# [WHAT THE TASK REQUIRES]
What follows is a listing to transcribe exactly, leaving the pictures out.

──────── DATA ────────

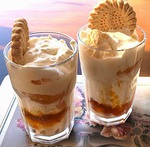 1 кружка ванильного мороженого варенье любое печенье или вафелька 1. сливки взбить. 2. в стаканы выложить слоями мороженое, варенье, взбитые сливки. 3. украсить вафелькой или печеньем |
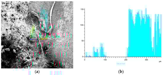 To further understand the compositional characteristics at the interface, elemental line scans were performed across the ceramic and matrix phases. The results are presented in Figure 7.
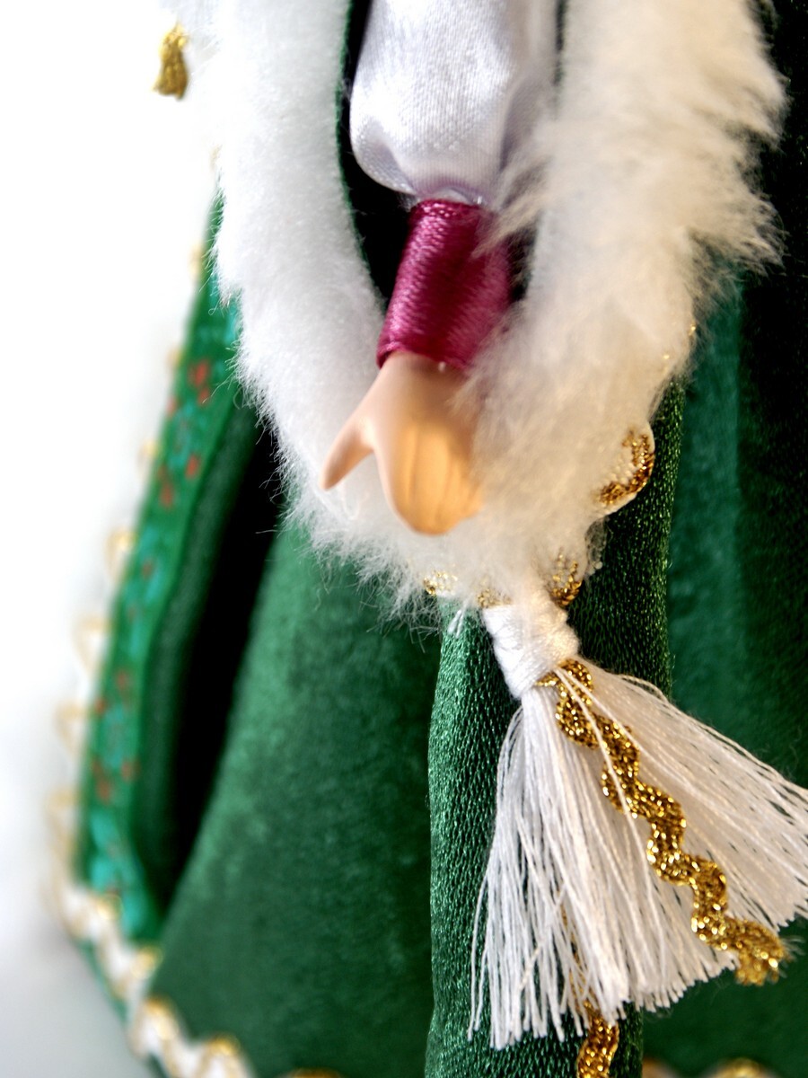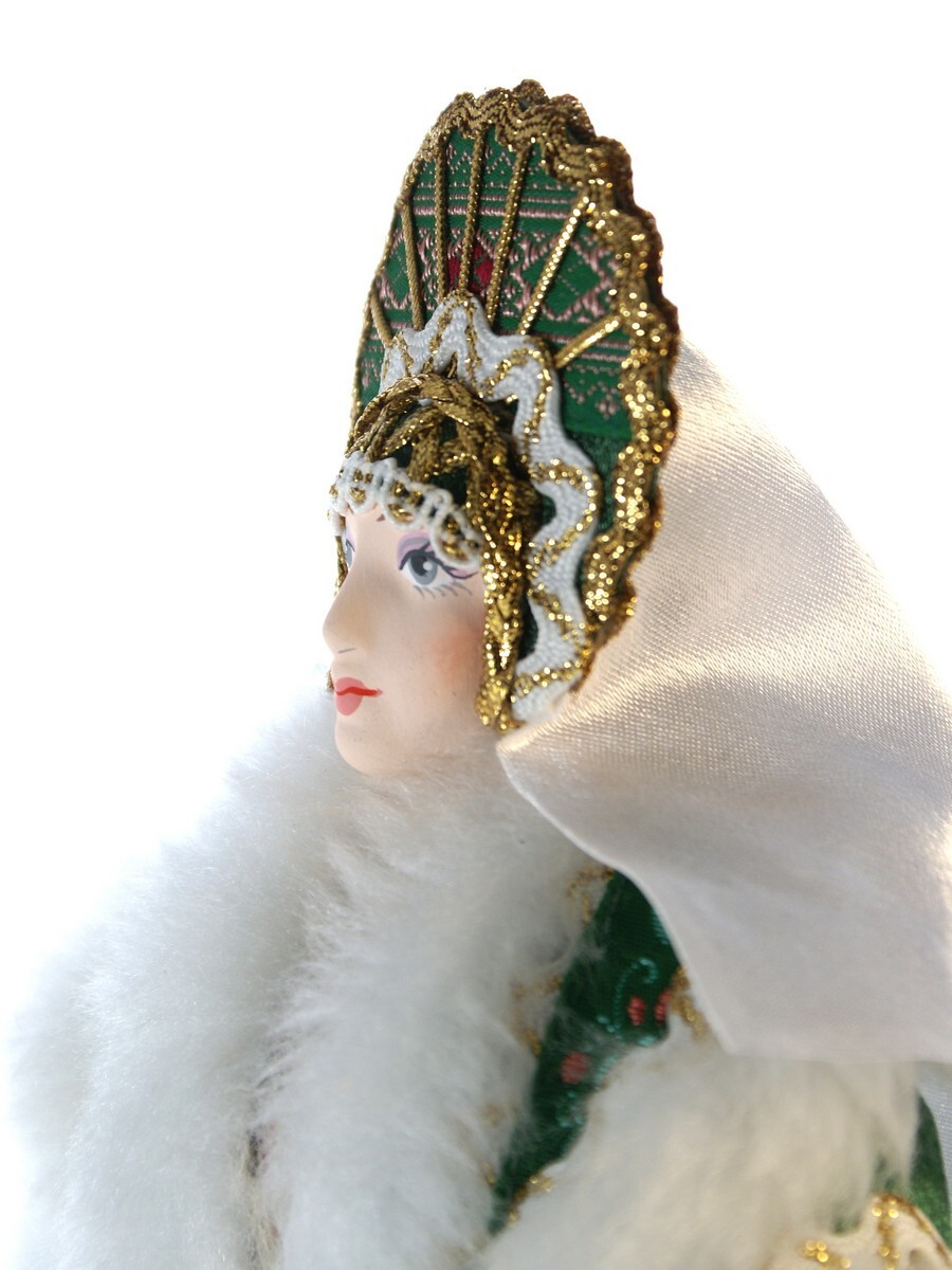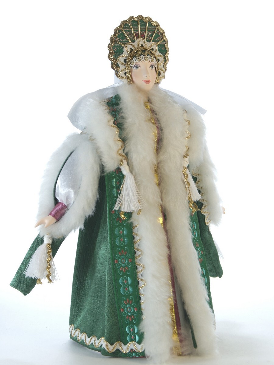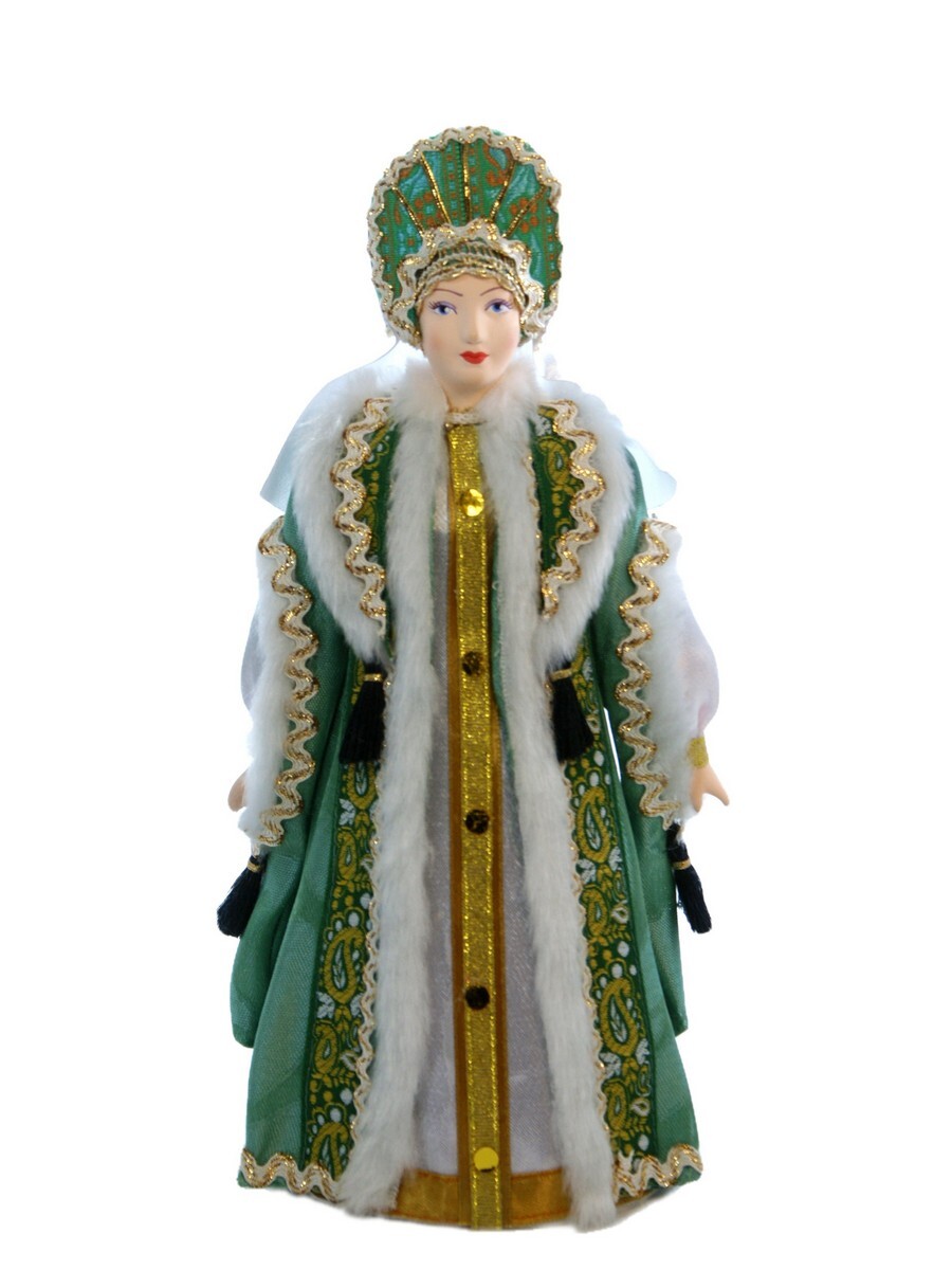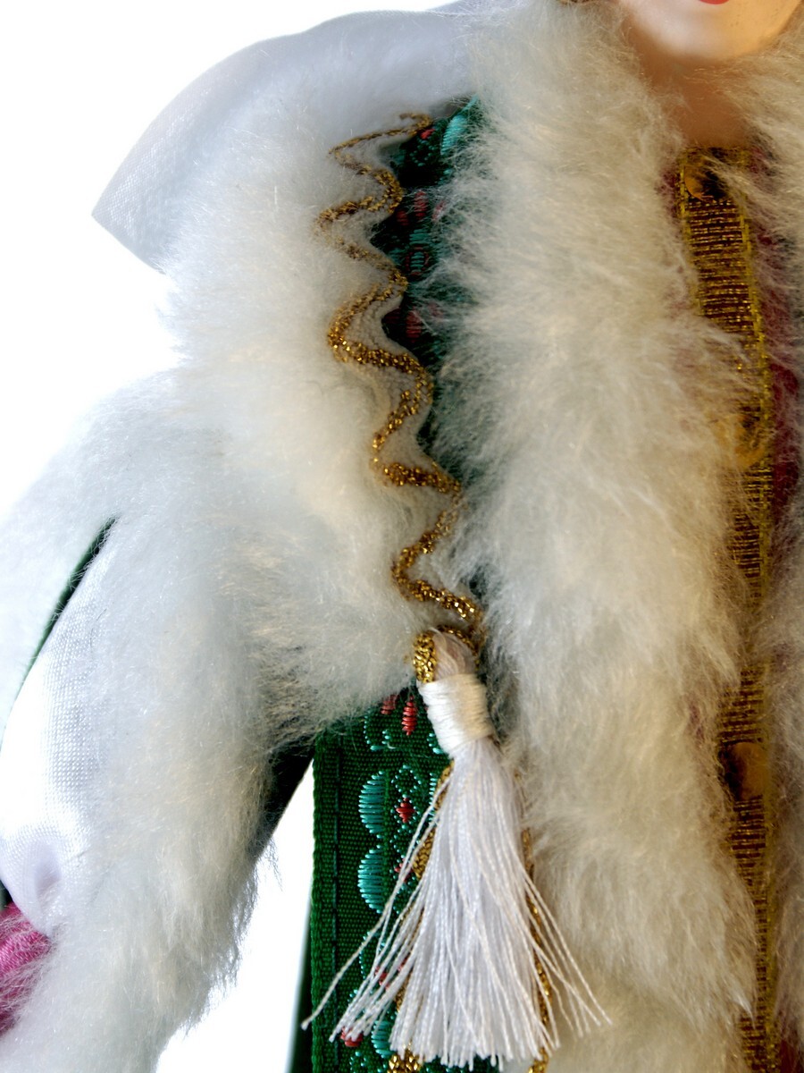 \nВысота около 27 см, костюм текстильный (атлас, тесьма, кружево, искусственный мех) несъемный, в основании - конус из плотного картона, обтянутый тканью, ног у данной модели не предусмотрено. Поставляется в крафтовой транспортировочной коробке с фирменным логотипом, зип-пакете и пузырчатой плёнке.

────────

# [ANSWER TO THIS EXERCISE]
 1 кружка ванильного мороженого варенье любое печенье или вафелька 1. сливки взбить. 2. в стаканы выложить слоями мороженое, варенье, взбитые сливки. 3. украсить вафелькой или печеньем |
 To further understand the compositional characteristics at the interface, elemental line scans were performed across the ceramic and matrix phases. The results are presented in Figure 7.
 \nВысота около 27 см, костюм текстильный (атлас, тесьма, кружево, искусственный мех) несъемный, в основании - конус из плотного картона, обтянутый тканью, ног у данной модели не предусмотрено. Поставляется в крафтовой транспортировочной коробке с фирменным логотипом, зип-пакете и пузырчатой плёнке.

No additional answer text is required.